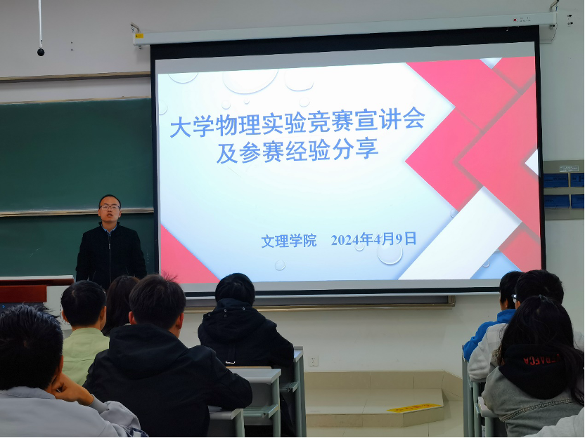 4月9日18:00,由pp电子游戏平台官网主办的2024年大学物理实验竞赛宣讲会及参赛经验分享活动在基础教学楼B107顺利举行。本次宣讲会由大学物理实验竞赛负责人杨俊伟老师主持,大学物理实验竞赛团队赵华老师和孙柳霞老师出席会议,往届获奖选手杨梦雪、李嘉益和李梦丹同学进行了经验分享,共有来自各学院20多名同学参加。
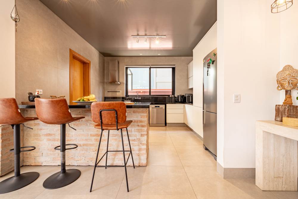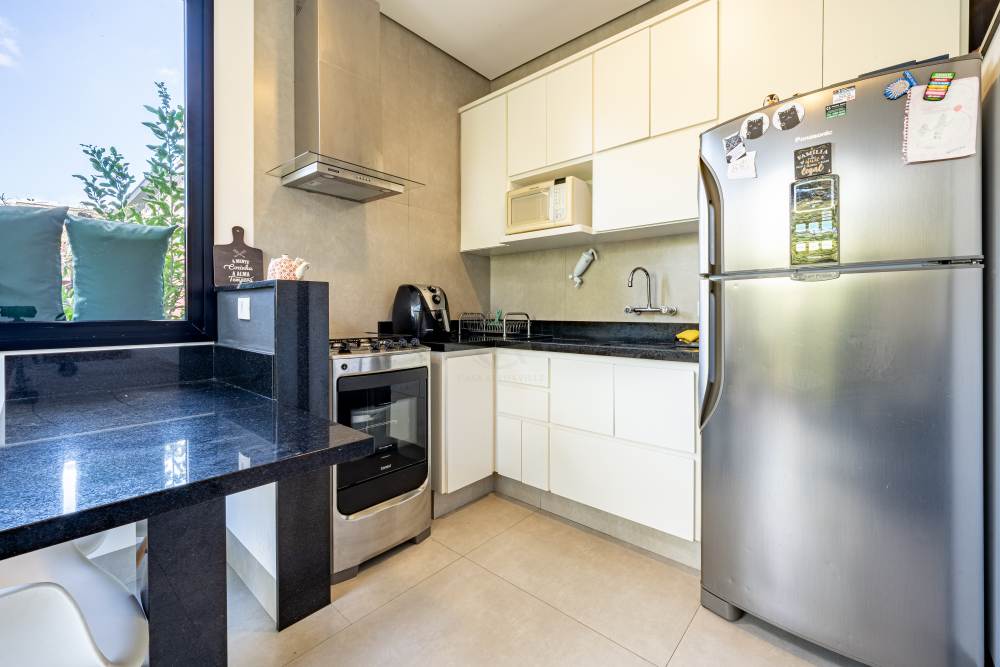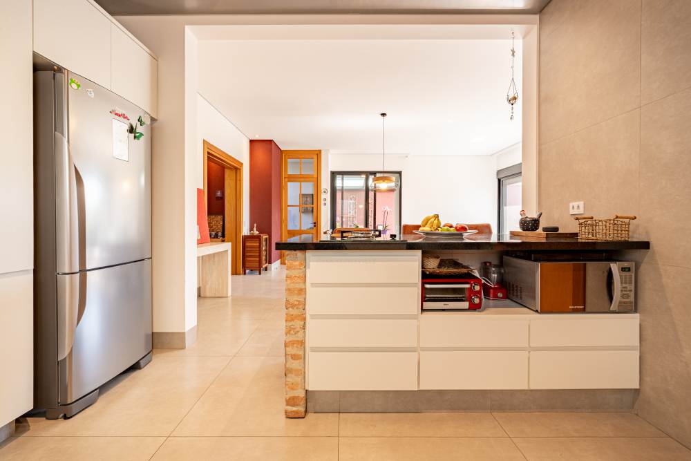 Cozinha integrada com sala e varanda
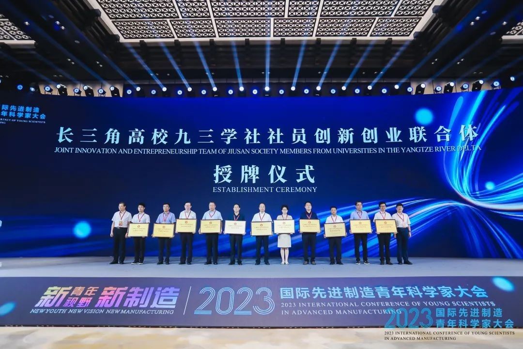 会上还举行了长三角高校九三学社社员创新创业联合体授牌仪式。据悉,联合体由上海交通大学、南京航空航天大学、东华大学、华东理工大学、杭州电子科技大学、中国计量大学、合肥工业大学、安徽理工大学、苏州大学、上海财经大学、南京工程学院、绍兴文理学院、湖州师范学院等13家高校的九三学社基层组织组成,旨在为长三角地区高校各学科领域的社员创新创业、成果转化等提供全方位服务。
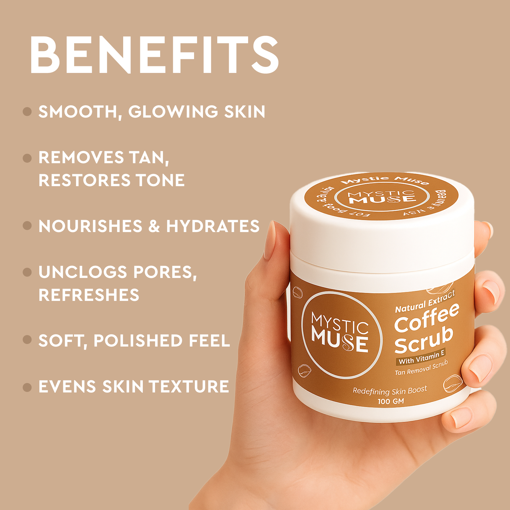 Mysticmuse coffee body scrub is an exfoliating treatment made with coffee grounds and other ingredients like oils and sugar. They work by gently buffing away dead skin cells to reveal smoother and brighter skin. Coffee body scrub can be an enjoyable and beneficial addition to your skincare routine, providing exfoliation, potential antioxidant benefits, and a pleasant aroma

_ACTIVITY_. Please return only the lines from the one holding "Cozinha integrada com sala e varanda" through the end of the data, both ends included; do not copy any pictures.

_EXERCISE RESPONSE_.
 Cozinha integrada com sala e varanda
 会上还举行了长三角高校九三学社社员创新创业联合体授牌仪式。据悉,联合体由上海交通大学、南京航空航天大学、东华大学、华东理工大学、杭州电子科技大学、中国计量大学、合肥工业大学、安徽理工大学、苏州大学、上海财经大学、南京工程学院、绍兴文理学院、湖州师范学院等13家高校的九三学社基层组织组成,旨在为长三角地区高校各学科领域的社员创新创业、成果转化等提供全方位服务。
 Mysticmuse coffee body scrub is an exfoliating treatment made with coffee grounds and other ingredients like oils and sugar. They work by gently buffing away dead skin cells to reveal smoother and brighter skin. Coffee body scrub can be an enjoyable and beneficial addition to your skincare routine, providing exfoliation, potential antioxidant benefits, and a pleasant aroma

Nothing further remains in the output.